Mulnix v. Spratlin

10 Colo. App. 390
CourtColorado Court of Appeals
DecidedSeptember 15, 1897
DocketNo. 1248
StatusPublished

This text of 10 Colo. App. 390 (Mulnix v. Spratlin) is published on Counsel Stack Legal Research, covering Colorado Court of Appeals primary law. Counsel Stack provides free access to over 12 million legal documents including statutes, case law, regulations, and constitutions.

Bluebook
Mulnix v. Spratlin, 10 Colo. App. 390 (Colo. Ct. App. 1897).

Opinion

Thomson, P. J.,

delivered the opinion of the court.

On the 21st day of August, 1893, the Bessemer Ditch Company executed and delivered to Hope and Mulnix three promissory notes, one for $696.34, payable ninety days from 'date, one for $175, payable ninety days from date, and one for $559, payable sixty days from date. There were paid on the first note, October 20, 1893, $160.40, and November 18, 1893, $25.00. On the second note there were two payments of $50.00 each, one made on August 23, 1893, and the other on August 25, 1893. Nothing was paid on the third note. On November 27, 1893, Hope and Mulnix, for a valuable consideration, indorsed these several notes to Spratlin and Anderson. On the 28th day of November, 1893, Spratlin and Anderson commenced their action against Hope and Mulnix in the county court of Pueblo county, alleging the execution and delivery of the notes by the ditch company to the defendants, the payments made, the indorsement to the plaintiffs, and the insolvency of the ditch company, and demanded judgment against the defendants for the amount due on the notes.

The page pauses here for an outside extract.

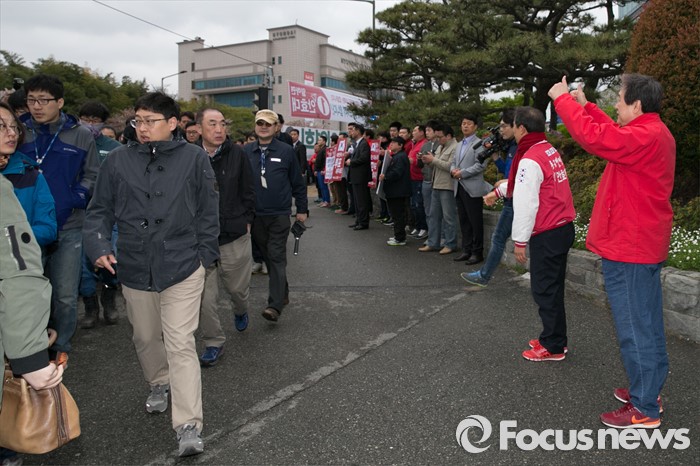 (울산=포커스뉴스) 김무성(오른쪽) 새누리당 대표가 11일 오전 울산시 동구 현대중공업 앞에서 안효대 울산 동구 후보 지원유세를 하고 있다.

For some reason which does not appear, no answer was made to the complaint until December 7, 1894. On that day, however, the defendants answered admitting the execution and indorsement of the notes and the insolvency of the ditch company, and alleging that after the insti[392]*392tution of the suit, and on May 25, 1894, by a contract entered into between the representatives of the first mortgage bondholders of the ditch company and the general creditors of the company, among whom were the plaintiffs, whereby the creditors accepted the covenants and agreements of the bondholders hr lieu of their claims against the ditch company, the defendants were discharged from liability on their indorsements. This contract will be considered more in detail in another connection. The judgment in the county court was for the defendants, and the plaintiffs appealed to the district court, where judgment was rendered in their favor for the amount then due on the notes. The defendants have brought the case into this court by writ of error.

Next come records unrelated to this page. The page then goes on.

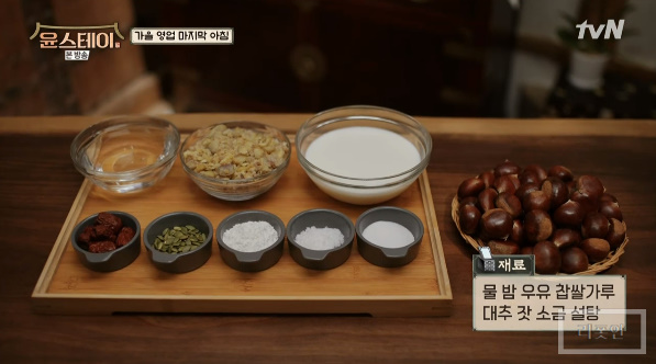 윤스테이 6회 가을 영업 마지막 아침 정유미 밤타락죽 레시피 만드는법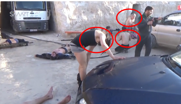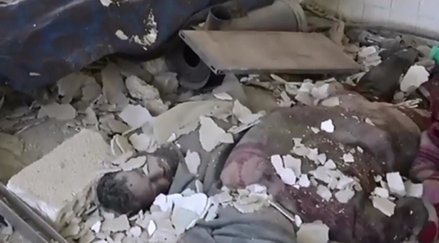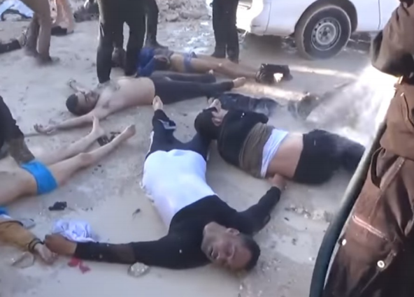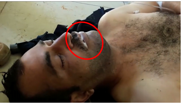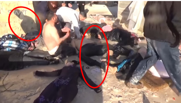 В районе 11:00 были опубликованы ролики, снятые в одном месте с разных камер, на которых пострадавших в тяжелом состоянии моют и увозят в неизвестном направлении. Судя по вытянутым теням, ролик был снят не позднее 9:30-10:00 – то есть, за несколько часов до времени нанесения удара сирийской авиации.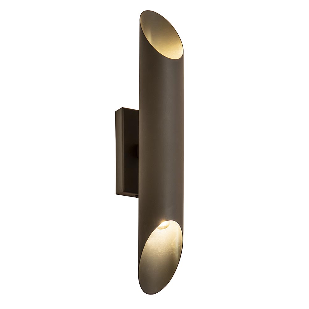– afm: 6x10x40 cm – cilinder: Ø6×40 cm – bevestiging: 6x2x12 cm – metaal – industrial dark – up+down – exclusief lichtbron (2x E14) – dimbaar (exclusief)

The notes were made and payable in this state, and indorsed in this state. The remedy of the indorsees is therefore governed by the laws of this state. By the act concerning bills, bonds and promissory notes (General Statutes, sec. 107), an indorsee may maintain an action against his indorser if he has used due diligence by the institution and prosecution of a suit upon the note against the maker, or, without such suit, if its institution would have been unavailing. It is agreed on both sides that at the time of the indorsements the ditch company was, and continued to be, irremediably insolvent. The right therefore, of the plaintiffs to judgment was indisputable, unless by virtue of the contract into which they entered with the representatives of the bondholders, the right was lost. At the time the plaintiffs commenced their action, the liability of the defendants was complete; and the main question in the case is whether what the plaintiffs subsequently did operated to extinguish the liability. Whether it so operated or not depends upon the effect to be given to the contract; and to reach a satisfactory solution of the question, the contract, its purposes, and the circumstances under which it was made, must receive something more than a merely general examination.

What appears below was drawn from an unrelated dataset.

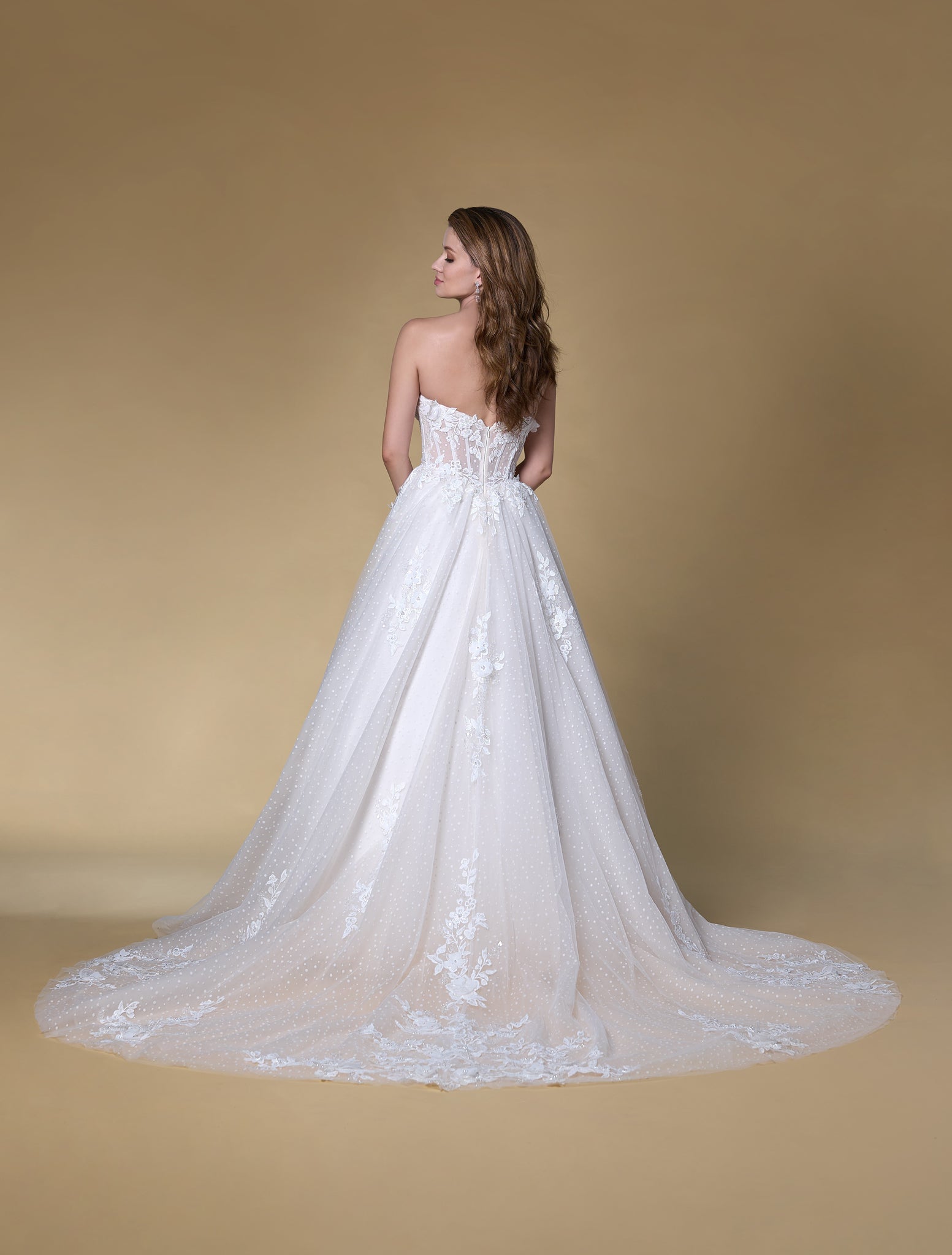 Crafted from soft tulle and delicately layered over Point d’Esprit, it creates an ethereal, princess-like allure. The sweetheart neckline features a plunging center, the transparent corset bodice adds a touch of modern romance. beaded 3D floral lace cascades gracefully from the waistline over the tulle ball gown skirt, flowing into a chapel-length train with lace that resembles a garden in full bloom. The way the fabrics are layered gives the dress an airy, crystal-like translucence that feels both dreamy and enchanting. Finished with a clean zipper back closure, and the detachable bubble long sleeves, this gown is a fairytale brought to life.

On the 14th day of November, 1889, the ditch company executed a deed of all its property, assets and franchises, [393]*393to the New York Security and Trust Company, as trustee, to secure an issue of its first mortgage bonds, amounting to $200,000, bearing interest at seven per cent. This deed was duly recorded. On the 25th day of May, 1894, these bonds were outstanding, the ditch company had made default in the payment of the interest, and the trustee for the bondholders was about to foreclose the trust deed for the payment of the full amount, principal and interest. At this time there were outstanding unsecured debts of the company, amounting in the aggregate to $15,586.72, and there was due to the company, on assessments before that time levied by it against its stockholders, the sum of $14,480.13. On that day, in pursuance of a plan of reorganization, embodied in an agreement between its stockholders and the holders of its bonds, which provided for the foreclosure of the trust deed, the sale of the company’s property, and its purchase by the trustee of the bondholders, the contract alleged in the answer was made. It was entered into between the trustee of the bondholders and a committee appointed to represent them, and the Bessemer Ditch Company, of the one part, and the general creditors of the company of the other, and provided that the delinquent assessments should be collected by the ditch company and paid to a trustee to be selected by the general creditors, and by him divided among them pro rata ; and the creditors covenanted and agreed that all suits and legal proceedings pending against the ditch company on account of the debts due them from the company, should be dismissed, and that no further action or proceeding should be commenced against the company on account of such debts. They also covenanted and agreed that they would accept the amounts collected on the delinquent assessments in lieu of all legal obligations of the ditch company. The creditors selected a trustee, who had, prior to the judgment, collected and paid over a portion of the delinquent assessments, and the share to which the indebtedness in suit was entitled was credited to the defendants, and allowed by the court in reduction of the judgment. The contract was signed by the plaintiffs, and also by the defendants.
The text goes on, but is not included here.